On September 29, 2018, and October 6, 2018, Mitchell was portrayed by actress Aidy Bryant in the Saturday Night Live opening sketch, and referred to in the "Weekend Update" segment.

=== Acting County Attorney ===
In August 2019, Montgomery promoted Mitchell to Chief Deputy at the county attorney's office. Mitchell got the job after Montgomery's longtime chief deputy Mark Faull left on medical leave and his replacement Michael McVey was accused of having an inappropriate relationship with another county employee. After Montgomery resigned to take a seat on the state supreme court, Mitchell became acting county attorney until the Maricopa County Board of Supervisors selected an interim to fill out the remainder of Montgomery's term. Mitchell, along with Jon Eliason, Allister Adel, Rodney Glassman, John Kaites, Gina Godbehere, Chris DeRose, and Lacy Cooper, applied for the position.
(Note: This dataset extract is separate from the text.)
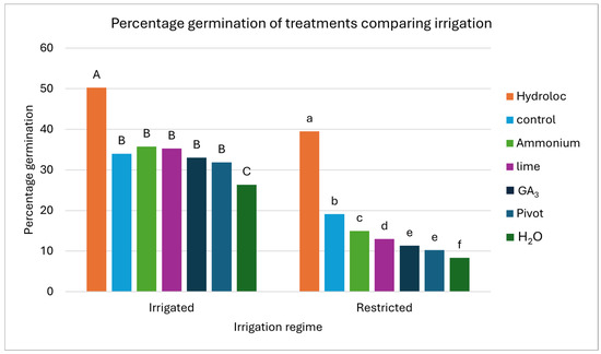 The percentage seed germination for each treatment under two irrigation regimes. The percentage germination of the 50 seeds planted after 21 days (Y-axis) and the irrigation regime (X-axis) are represented in the graph. The treatments applied are represented by different colored bars. The treatments are Hydroloc, control, ammonium, lime, gibberellic acid (GA3), Pivot Bio (Pivot), and water immersion (H2O). Different letters above each bar represent differences in terms of least square means (LSMEANS; p < 0.05), indicating whether the means of the treatments are significantly different within the irrigation regime. The capital letters are used to represent the full irrigation regime, and the lower case letters are used to represent the restricted irrigation regime.
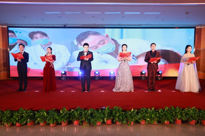 大会对血液内科及儿科儿童血液肿瘤专科、呼吸与危重症医学等41个年度先进集体,丁碧青等187位年度先进个人予以荣誉表彰。院党委书记周典作新春致辞,参会院领导向全院广大师生医护员工集体拜年,向大家致以新春佳节的问候和祝福。

After the board selected Adel for the county attorney role, Ken Vick became chief deputy and Mitchell became the deputy chief for the criminal group.

=== County attorney ===
Adel resigned in March 2022. The following month, the Maricopa County board of supervisors appointed Mitchell as the interim county attorney.

Mitchell was the Republican nominee in the 2022 special election defeating Anni Foster and Gina Godbehere for the nomination. 2020 nominee Julie Gunnigle was unopposed for the Democratic nomination. Mitchell defeated Gunnigle in the general election with 52.8% of the vote.

==Recognition==
Mitchell was named the prosecutor of the year by her office in 2006. Later in her career, she was recognized as the “Outstanding Arizona Sexual Assault Prosecutor of the Year” by Arizona governor Janet Napolitano and state attorney general Terry Goddard.

==Paul Rutherford case==

In Nov. 2022, a bar complaint was filed against Rachel Mitchell for her part in the Paul Rutherford case. Defense attorneys acting for Ms. Nubia Rodriguez allege that Ms Mitchell had contributed to prosecutorial misconduct committed by Maricopa County prosecutors in an attempt to get their client convicted of negligent homicide in the death of Phoenix police officer Paul Rutherford. Prosecutors are alleged to have knowingly included false witness statements and withheld critical video evidence from the defense.

==Brett Kavanaugh hearing==
During the Brett Kavanaugh 2018 Supreme Court confirmation hearing, senate republicans hired Rachel Mitchell to question Kavanaugh and Dr.Christine Blasey Ford, who had accused him of a sexual assault incident that allegedly occurred in 1982. Mitchell was specifically selected for her highly regarded skills as a veteran prosecutor, her specialization in sex crimes and to avoid an all male board questioning Dr.Ford. Ultimately Mitchell concluded that the evidence provided was insufficient for Kavanaugh to be prosecuted, noting that the allegations were decades old and witnesses were lacking.